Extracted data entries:
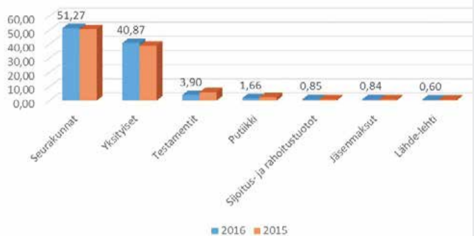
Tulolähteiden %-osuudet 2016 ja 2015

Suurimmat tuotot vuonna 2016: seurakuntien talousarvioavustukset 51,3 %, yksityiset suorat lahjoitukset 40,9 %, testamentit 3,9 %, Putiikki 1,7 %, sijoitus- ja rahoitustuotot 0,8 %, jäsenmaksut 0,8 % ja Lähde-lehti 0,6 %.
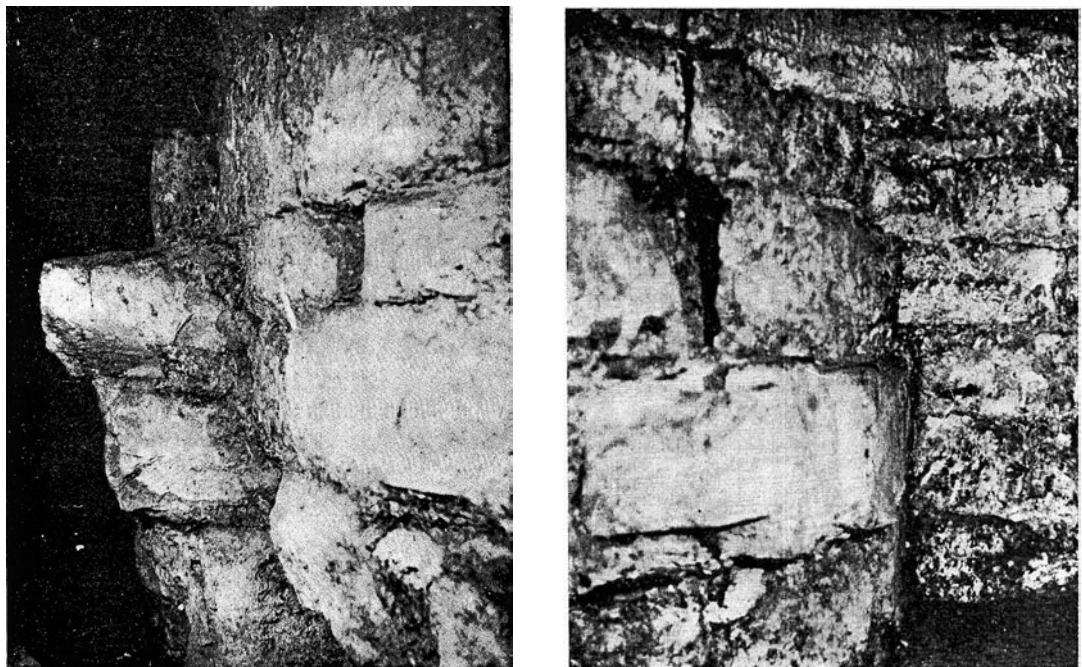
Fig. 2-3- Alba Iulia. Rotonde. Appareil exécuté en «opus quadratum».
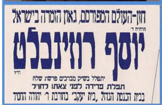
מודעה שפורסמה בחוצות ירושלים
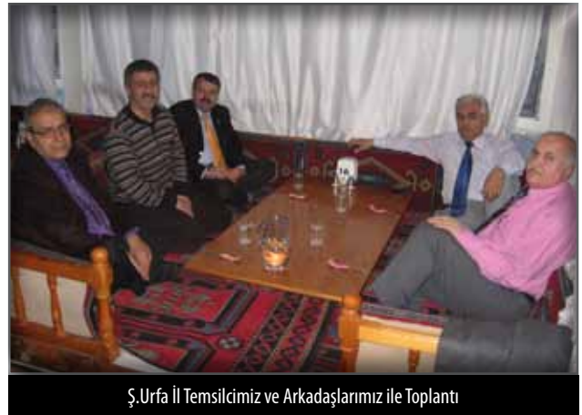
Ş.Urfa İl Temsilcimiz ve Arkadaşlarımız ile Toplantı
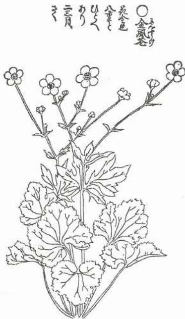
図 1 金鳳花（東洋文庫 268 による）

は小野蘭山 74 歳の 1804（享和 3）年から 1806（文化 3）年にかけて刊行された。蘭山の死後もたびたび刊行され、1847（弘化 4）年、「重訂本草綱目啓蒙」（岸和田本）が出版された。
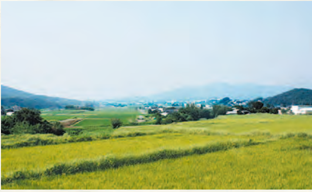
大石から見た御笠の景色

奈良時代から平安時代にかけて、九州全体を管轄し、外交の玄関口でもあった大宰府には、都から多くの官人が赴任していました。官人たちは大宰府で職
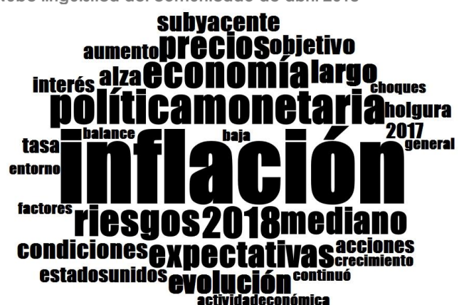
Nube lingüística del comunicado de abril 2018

EXERCISE GOAL. Transcribe all the lines above exactly; any image among them is skipped.

RESPONSE FOR THIS EXERCISE.
Tulolähteiden %-osuudet 2016 ja 2015

Suurimmat tuotot vuonna 2016: seurakuntien talousarvioavustukset 51,3 %, yksityiset suorat lahjoitukset 40,9 %, testamentit 3,9 %, Putiikki 1,7 %, sijoitus- ja rahoitustuotot 0,8 %, jäsenmaksut 0,8 % ja Lähde-lehti 0,6 %.
Fig. 2-3- Alba Iulia. Rotonde. Appareil exécuté en «opus quadratum».
מודעה שפורסמה בחוצות ירושלים
Ş.Urfa İl Temsilcimiz ve Arkadaşlarımız ile Toplantı
図 1 金鳳花（東洋文庫 268 による）

は小野蘭山 74 歳の 1804（享和 3）年から 1806（文化 3）年にかけて刊行された。蘭山の死後もたびたび刊行され、1847（弘化 4）年、「重訂本草綱目啓蒙」（岸和田本）が出版された。
大石から見た御笠の景色

奈良時代から平安時代にかけて、九州全体を管轄し、外交の玄関口でもあった大宰府には、都から多くの官人が赴任していました。官人たちは大宰府で職
Nube lingüística del comunicado de abril 2018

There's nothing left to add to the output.